| Provided data |

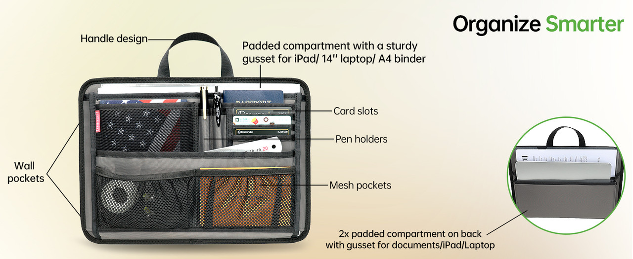 Professional Briefcase Insert Organizer, A4 Document & Accessory Carry Pouch
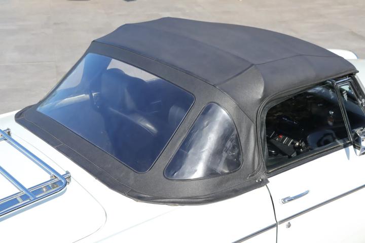 De carrosserie is zeer netjes en roest- en schadevrije. Het lakwerk springt in het oog en is opvallend fris. Ook de rubbers en de verlichting zijn gaaf. De spaakwielen beschikken over goede banden en aan de voorzijde geven rood gespoten remblokken de auto een sportieve touch. Leuke accessoires zijn het kofferrekje en de trekhaak. De originele chroombumpers zijn vrij van noemenswaardige beschadigingen. Ook de softtop verkeert in goede staat zonder scheuren of beschadigingen, en het sluitwerk functioneert goed.
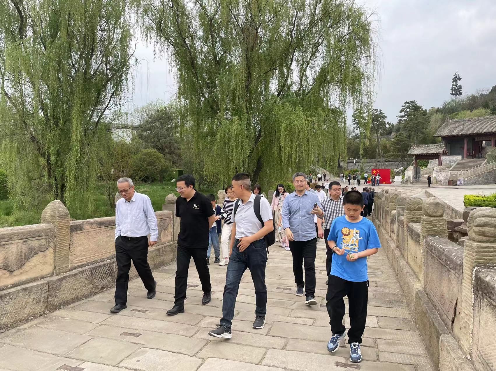 最后一行人拾级而上,来到八路军东渡黄河出师抗日纪念碑前。在庄严肃穆的纪念碑下,齐唱国歌,向烈士敬献花篮。
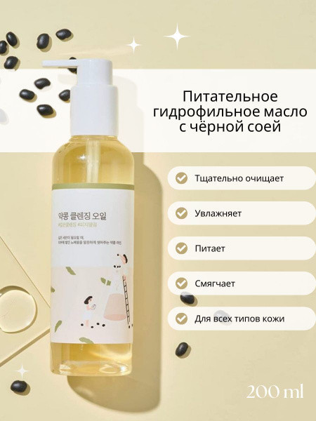 | Round Lab Гидрофильное масло для лица с чёрной соей питательное «Soybean Cleansing Oil»

| What this task involves |
Every line of the data above should be repeated exactly. Omit the pictures.

| Exercise solution |
 Professional Briefcase Insert Organizer, A4 Document & Accessory Carry Pouch
 De carrosserie is zeer netjes en roest- en schadevrije. Het lakwerk springt in het oog en is opvallend fris. Ook de rubbers en de verlichting zijn gaaf. De spaakwielen beschikken over goede banden en aan de voorzijde geven rood gespoten remblokken de auto een sportieve touch. Leuke accessoires zijn het kofferrekje en de trekhaak. De originele chroombumpers zijn vrij van noemenswaardige beschadigingen. Ook de softtop verkeert in goede staat zonder scheuren of beschadigingen, en het sluitwerk functioneert goed.
 最后一行人拾级而上,来到八路军东渡黄河出师抗日纪念碑前。在庄严肃穆的纪念碑下,齐唱国歌,向烈士敬献花篮。
 | Round Lab Гидрофильное масло для лица с чёрной соей питательное «Soybean Cleansing Oil»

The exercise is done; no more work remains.